Example 10: Importing into a Database
filename = '/tmp/some.csv'
options = { key_mapping: { unwanted_row: nil, old_row_name: :new_name } }
n = SmarterCSV.process(filename, options) do |array|
MyModel.create(array.first)
end
# => returns number of rows processed
Example 11: Batch Processing with Sidekiq
Processing in chunks reduces memory usage and enables parallel processing. The block receives the chunk as an optional second parameter:
filename = '/tmp/input.csv'
n = SmarterCSV.process(filename, chunk_size: 100) do |chunk, chunk_index|
puts "Queueing chunk #{chunk_index} with #{chunk.size} records..."
Sidekiq::Client.push_bulk(
'class' => SidekiqWorkerClass,
'args' => chunk,
)
end
# => returns number of chunks
See Batch Processing.
Example 12: Resumable CSV Import with Rails ActiveJob (Rails 8.1+)
Rails 8.1 introduced ActiveJob::Continuable, which lets a job pause and resume from exactly where it stopped — for example during a deployment or queue drain.

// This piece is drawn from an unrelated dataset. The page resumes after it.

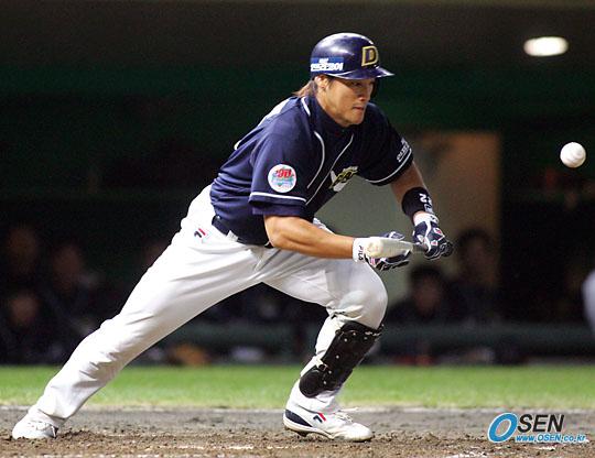 22일 SK 와이번스와 두산 베어스의 인천 경기 두산이 3-0으로 앞서던 4회초 무사 1루서 5번 타자 홍성흔이 보내기 번트를 대고 있다. 그 사이 문희성은 2루로 진루, 홍성흔은 책임을 완수했다./인천=주지영 기자 jj0jj0@osen.co.kr [Copyright ⓒ OSEN(www.osen.co.kr) 무단전재 및 재배포 금지]

# app/jobs/import_csv_job.rb
class ImportCsvJob < ApplicationJob
include ActiveJob::Continuable
def perform(file_path)
step :import_rows do |step|
SmarterCSV.process(file_path, chunk_size: 500) do |chunk, chunk_index|
next if chunk_index < step.cursor.to_i # skip already-processed chunks on resume
MyModel.import!(chunk)
step.set! chunk_index + 1
end
end
end
end
step.cursorstarts asnil(→0), so the first run processes all chunks.- If interrupted after chunk 7, Rails persists the cursor as
8. - On the next run chunks 0–7 are skipped quickly via
next; processing resumes from chunk 8.
Requires Rails 8.1+ and a queue adapter that supports graceful shutdown (Sidekiq, Solid Queue).

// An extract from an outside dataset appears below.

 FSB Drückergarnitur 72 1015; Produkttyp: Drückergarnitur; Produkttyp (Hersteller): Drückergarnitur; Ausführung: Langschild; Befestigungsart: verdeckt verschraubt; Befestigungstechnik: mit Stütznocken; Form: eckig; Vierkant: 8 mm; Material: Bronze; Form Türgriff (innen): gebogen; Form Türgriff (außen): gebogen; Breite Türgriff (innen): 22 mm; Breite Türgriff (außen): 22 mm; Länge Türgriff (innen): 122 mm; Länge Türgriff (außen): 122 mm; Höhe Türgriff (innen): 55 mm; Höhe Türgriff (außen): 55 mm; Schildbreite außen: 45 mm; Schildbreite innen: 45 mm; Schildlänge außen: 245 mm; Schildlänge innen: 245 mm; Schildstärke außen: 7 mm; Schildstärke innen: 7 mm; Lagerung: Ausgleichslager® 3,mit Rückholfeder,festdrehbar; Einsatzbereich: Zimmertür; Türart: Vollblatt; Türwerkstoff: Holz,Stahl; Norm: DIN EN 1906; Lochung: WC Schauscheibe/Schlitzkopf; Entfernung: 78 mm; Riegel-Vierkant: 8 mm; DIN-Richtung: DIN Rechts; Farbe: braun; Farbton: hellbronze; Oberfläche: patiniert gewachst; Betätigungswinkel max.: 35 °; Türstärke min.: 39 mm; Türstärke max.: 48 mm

Example 13: Instrumentation
SmarterCSV.process('large_import.csv',
chunk_size: 1000,
on_start: ->(info) {
Rails.logger.info "Import started: #{info[:input]} (#{info[:file_size]} bytes)"
},
on_chunk: ->(info) {
Rails.logger.debug "Chunk #{info[:chunk_number]}: #{info[:rows_in_chunk]} rows"
},
on_complete: ->(stats) {
Rails.logger.info "Done: #{stats[:total_rows]} rows in #{stats[:duration].round(2)}s"
},
) { |chunk| MyModel.insert_all(chunk) }
Example 14: Streaming Inputs (Non-Seekable IO)
(1.17.0+) SmarterCSV reads from gzipped files, HTTP responses, S3 objects, or piped STDIN — no need to materialize the file on disk first.
require 'zlib'
Zlib::GzipReader.open('huge.csv.gz') do |io|
SmarterCSV.process(io) { |row| MyModel.upsert(row.first) }
end
See Real-World CSV Files → I/O Patterns for gzip, S3, HTTP, STDIN, and IO.popen worked examples.

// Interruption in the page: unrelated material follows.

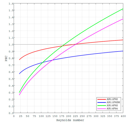 As expected, the higher the aspect ratio of the corrugation is, the higher is the pumping power required at the same pressure drop conditions. However, it is interesting to observe that the double corrugated plates with AR = 1.6 with P = 0.2 mm demonstrate from 20% to 40% lower required pumping power than the same geometry with P = 0.4 mm even though the cross-section area at the inlet for both geometries is effectively the same. Figure 9 shows the PEC as the function of Reynolds number.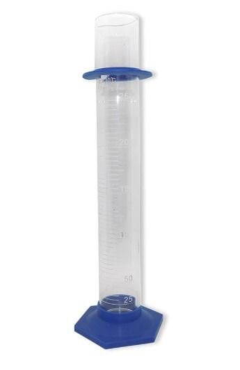Soda camından imal edilmiş ve 250 ml kapasitededir. 5 ml lik bölmelerle taksimatlandırılmıştır. Ölçü çizgilerinin kalınlığı 0,4 mm olup aside ve mekanik çizilmelere dayanıklıdır. Kimyasala ve yüksek ısıya dayanıklı özellikli camdan imal edilmiştir. Taban şekli çokgen yapıdave cam silindire uygun ölçüde olup plastik malzemeden imal edilmiştir. Dereceli silindir düz bir yüzey üzerine konulduğunda sallanmadan dikey durabilmektedir. Silindirin üzerine; ml işareti ve standart referans sıcaklığını gösterir 20 C değeri yazmaktadır. Ağız kısmı gagalı yapıda olup sıvıların aktarımında kolaylık sağlamaktadır.

Example 15: Resumable Import (Plain Ruby)
A non-Rails counterpart to Example 12 — track the chunk cursor in a JSON file so an interrupted import resumes where it left off.
See Batch Processing → Resumable Import (Plain Ruby) for the worked example.
Example 16: CSV Files with Comment Lines
Strip lines matching a pattern (e.g. #-prefixed comments in DB dumps and log exports) using comment_regexp:
SmarterCSV.process('data.csv', comment_regexp: /\A#/)
See Header Transformations → CSV Files with Comment Lines for the worked example.
Example 17: Tab-Separated Values (TSV)
SmarterCSV.process('data.tsv') # auto-detected
SmarterCSV.process('data.tsv', col_sep: "\t") # explicit
See Row and Column Separators → Tab-Separated Values (TSV) for details.
Example 18: Multi-Line Fields
Newlines inside "..." are preserved as part of the field — common in addresses, CRM notes, and free-text comments. No configuration needed.
See Real-World CSV Files → Multi-Line Quoted Fields for the worked example.
Example 19: Filtering and Transforming a CSV File
The Ruby CSV library has CSV.filter for "read CSV, mutate each row, write CSV." In SmarterCSV this is a two-line composition of SmarterCSV.each and SmarterCSV.generate:
SmarterCSV.generate('out.csv') do |csv|
SmarterCSV.each('in.csv') do |row|
row[:price] = (row[:price] * 1.1).round(2)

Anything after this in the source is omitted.